Supplied material Start Marker

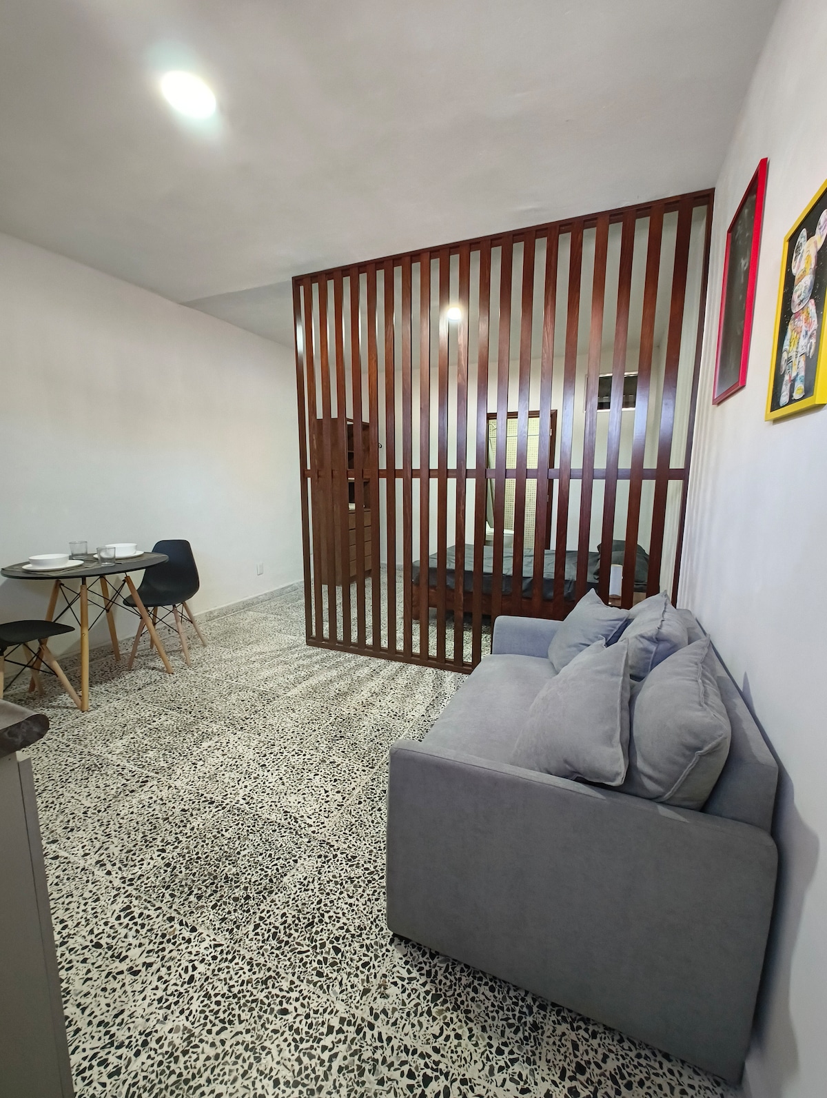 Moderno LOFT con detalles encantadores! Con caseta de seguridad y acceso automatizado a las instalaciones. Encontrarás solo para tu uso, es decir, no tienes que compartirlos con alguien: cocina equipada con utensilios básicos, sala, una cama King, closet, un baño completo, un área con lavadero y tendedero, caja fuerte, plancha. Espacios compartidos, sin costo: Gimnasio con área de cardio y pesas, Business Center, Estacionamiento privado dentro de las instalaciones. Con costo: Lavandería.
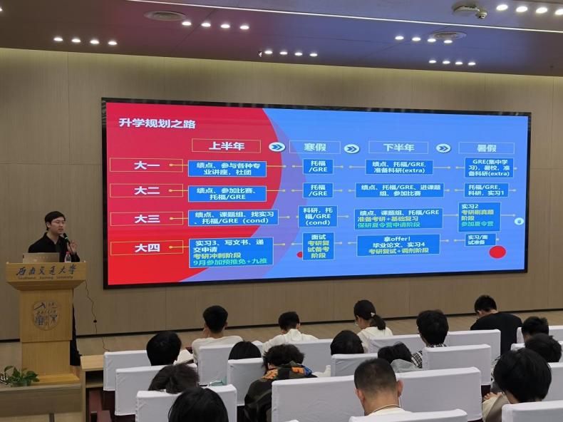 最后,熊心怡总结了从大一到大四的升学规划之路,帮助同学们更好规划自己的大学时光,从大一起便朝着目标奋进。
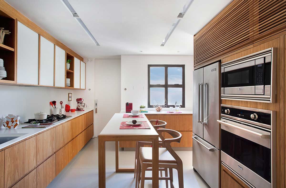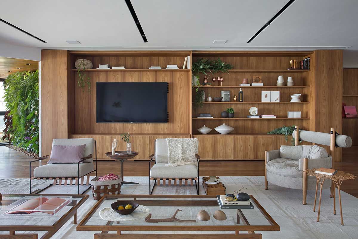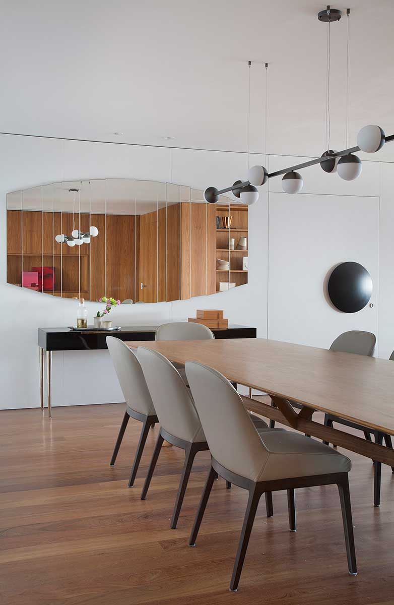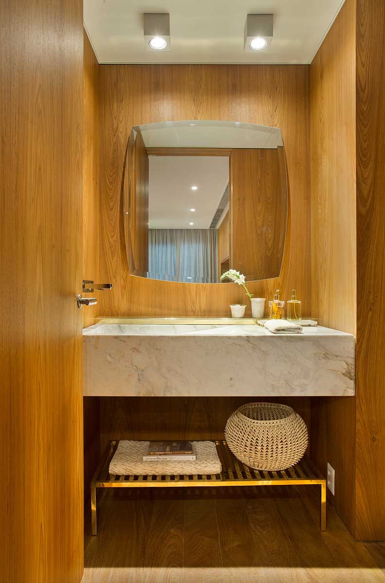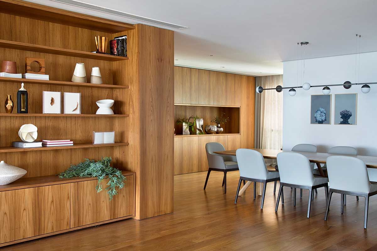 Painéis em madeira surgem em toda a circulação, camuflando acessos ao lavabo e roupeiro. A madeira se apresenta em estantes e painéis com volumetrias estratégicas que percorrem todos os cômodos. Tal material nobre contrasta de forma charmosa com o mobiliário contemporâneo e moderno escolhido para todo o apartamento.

Supplied material End Marker

Exercise requirements >> Apart from the pictures, every line of the data above should be given again exactly.

Written solution >>
 Moderno LOFT con detalles encantadores! Con caseta de seguridad y acceso automatizado a las instalaciones. Encontrarás solo para tu uso, es decir, no tienes que compartirlos con alguien: cocina equipada con utensilios básicos, sala, una cama King, closet, un baño completo, un área con lavadero y tendedero, caja fuerte, plancha. Espacios compartidos, sin costo: Gimnasio con área de cardio y pesas, Business Center, Estacionamiento privado dentro de las instalaciones. Con costo: Lavandería.
 最后,熊心怡总结了从大一到大四的升学规划之路,帮助同学们更好规划自己的大学时光,从大一起便朝着目标奋进。
 Painéis em madeira surgem em toda a circulação, camuflando acessos ao lavabo e roupeiro. A madeira se apresenta em estantes e painéis com volumetrias estratégicas que percorrem todos os cômodos. Tal material nobre contrasta de forma charmosa com o mobiliário contemporâneo e moderno escolhido para todo o apartamento.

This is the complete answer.